Using vectorization, I want to remap a column according to a nested dictionary depending on the value of a second column. In iteration logic, I would go through the rows; depending on the value in the second column, I would choose an entry from the dictionary's first level (which is a dictionary again) according to which the values are mapped.
MWE
I have a data frame with two columns of interest: country
and variable
:
df= pd.DataFrame({"country": ["AA", "BB", "AA", "AA", "BB", "AA"],
"variable": ["foo/tball", "palace", "bla", "car", "bla", "dog"]})
I further have a nested dictionary dct
(values in variable
are only unique in combination with the country
, and I thus cannot unnest the dictionary). dct
contains strings of entries in df['variable']
and substrings thereof:
dct = {"AA": {'foo': 'NEWFOO', # substring of 'foo/tball'
'bla' : 'NEWBLA',
'cart': 'this value is not in the dataframe'}, # sic! -- not substring of any entry
"BB": {'pal': 'NEWPAL', # substring of palace
'bla': 'DIFFERENT_NEWBLA'},
"CC": {"this": "'CC' dictionary can be ignored"}}
I now want to map the entry of df['variable']
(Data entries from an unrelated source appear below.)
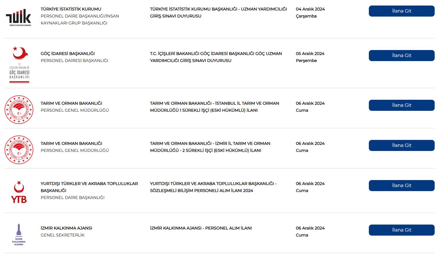 Kamu ilanlarına göz atmak ve detayları incelemek için aşağıdaki adreslere tıklayabilirsiniz: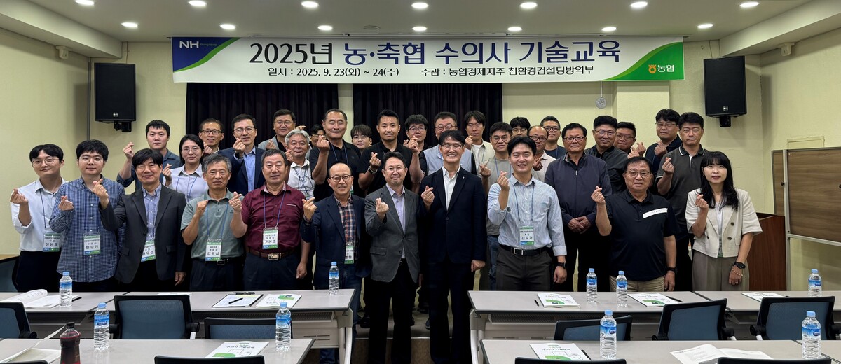 농협경제지주(축산경제대표이사 안병우)가 9월 23일부터 24일 양일 간 농협생명 수안보수련원에서 전국 농·축협 동물병원에 근무하는 수의사 40여명을 대상으로 ’농·축협 수의사 기술교육’을 실시했다.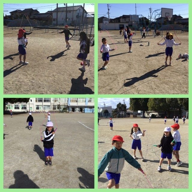 体育の時間に、縄跳びの練習をしています。前まわりや後ろまわりやあやとびなど、たくさん跳べるように、みんな一生懸命練習しています。寒さに負けず、頑張っています。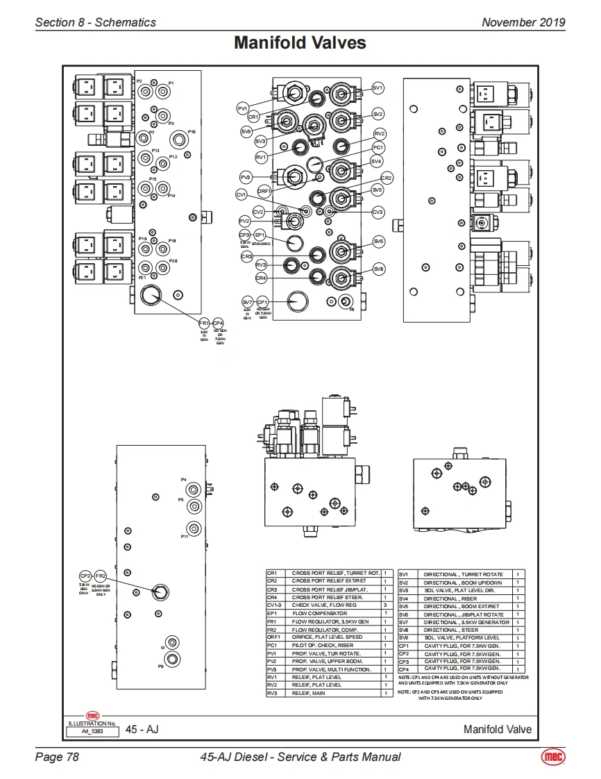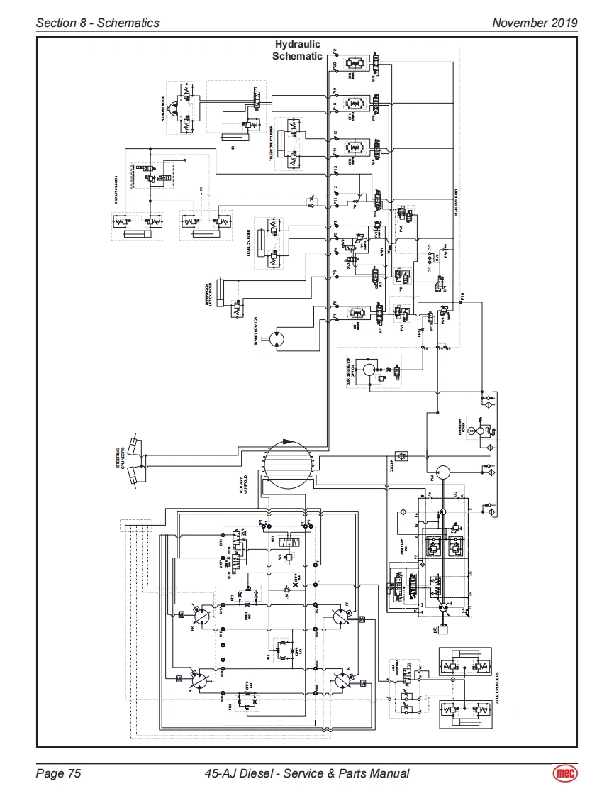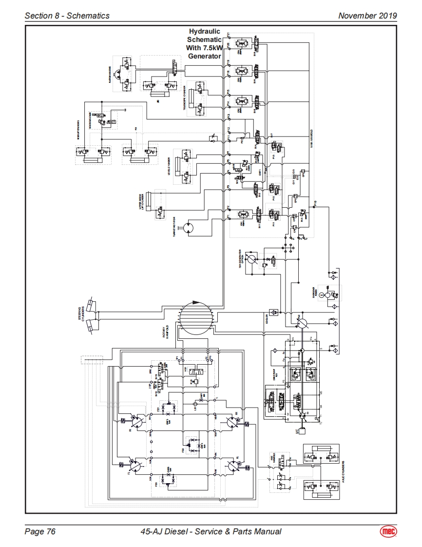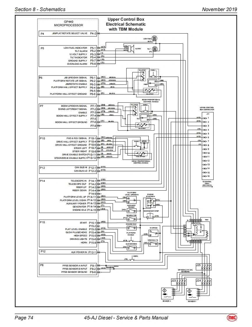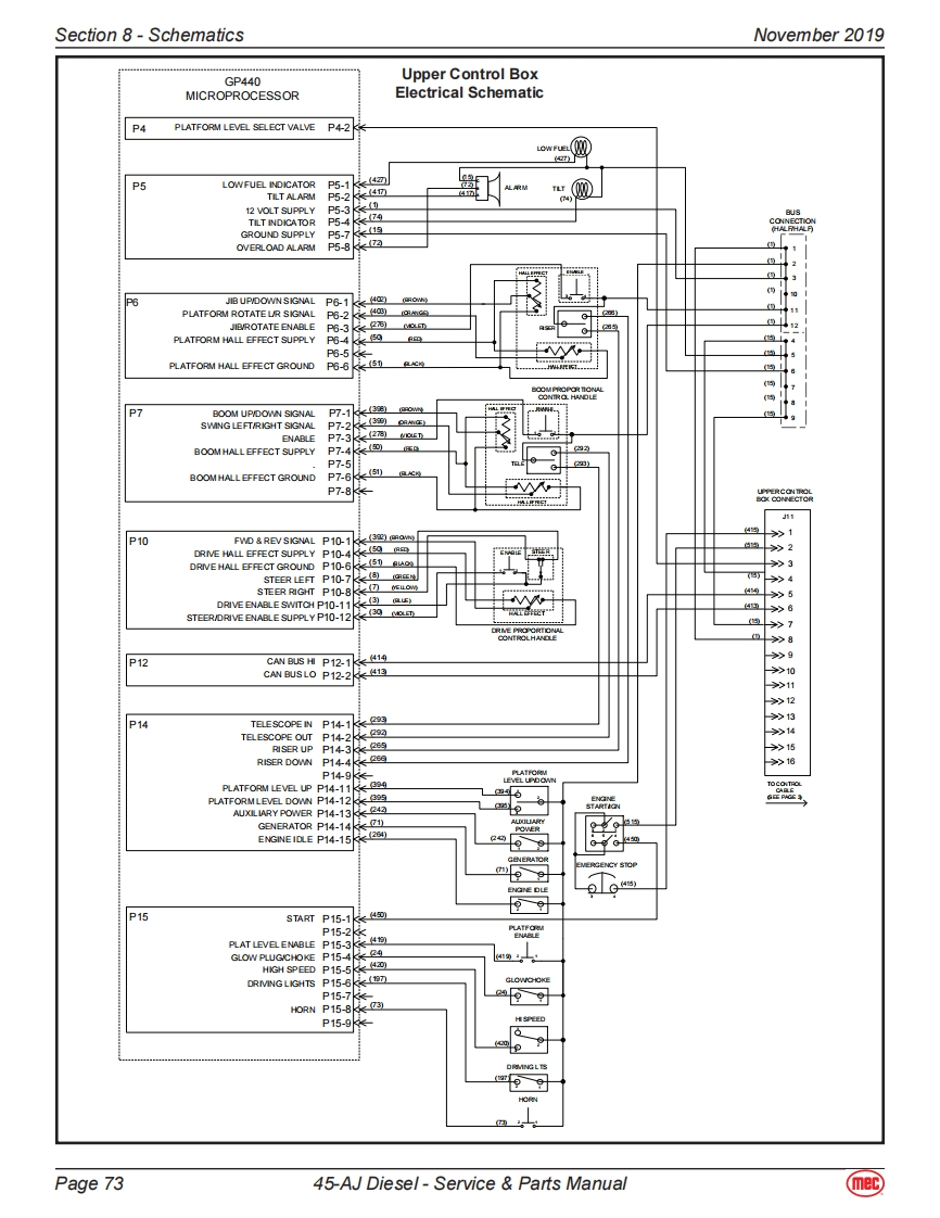 Section 8-SchematicsNovember 2019Lower Control Box1RENT MODULEGP400 MICROPROCESSORElectrical SchematicP1CAN-BUS HIP1-1CA LOC-8J30GBNERATOR P4-1P4EUP&LA灯OT RIGHTP4-4J日O0N&PLATROT LE子TP4-5AnLELOCKSWNG LEFTKCANLOSMING PROPOR TONALUFT UPP5STEER RICHT8e空RLaTALARMTELE EXTENDT日ER白RCTP-12P5-9P6PLATCONTROL VALVEP6-1RSERUPSTARTINHBT UGHTRSERDONP6-5p69HORNP8-2P8-3FUELLEVB S8NS0RP8-7P8-8CURRENT MEASUREP8-9GROUND TOMOOULE P8-14P9Rx P9-1EZCAL DIAGNOSTC8Tx8B+P9-4P7VALVE SUPPLYP7-1KEY SMTCHBASE SBECTP7-2CONTROL BOXBOOM UP SMCHP7-3KEY SMTCHPLAT SBLECTRISER UP SMTOHENGINE STARTP76AS☒RO0 WN SMTCHP7-7RSERUP UMT SMTOHBOOM DOWN SMCH P7-10ELE EEND SMTOH P7-11TELE RETRACT SWITOH P7-12P14JBUPSWITCH P14-1B P14-2RBER DOWNLMIT SMTOH P14-3BOOM RETSWITCHREAR P14-10P15SMING LEFTSWTCH P15-1SMNG RGHT SMCH P15-2PLATLEVELUP SMTCH P15-3GLOWSWTCH P15-4封P15-5PLAT LEVEL DOWN SWITCH P15-6PLAT ROTAERT SMITOH P15-7HIGH SPEED ENABLE SMTO P15-8PLAT ROTATE LEFT SMTOH P15-gBB009TP15-10“T等t图古心Page 7145-AJ Diesel-Service Parts Manual(mec)

according to dct[df['country']]
following these rules:
- if the string matches or if the dictionary key is a substring of the entry in
df['variable']
(e.g.'foo'
indct['AA']
: replace the entry according to the dictionary - otherwise (i.e. if the cell entry is not in the dictionary (e.g.
'dog'
), replace with some predefined value (here,_some_flag_value_
) - ignore entries in the dictionary that do not match either on the
'country'
column (e.g.dct["CC"]
) or the'variable'
column (e.g.'cart'
indct['AA']
).
The desired output should look like this:
out = pd.DataFrame({"country": ["AA", "BB", "AA", "AA", "BB", "AA"],
"variable": ["NEWFOO", "NEWPAL", "NEWBLA", "_some_flag_value_",
"DIFFERENT_NEWBLA", "_some_flag_value_"]})
I have tried using df.mapapply()
with several combinations of lambda
to no avail - can someone point me in the right direction? Thanks a lot in advance.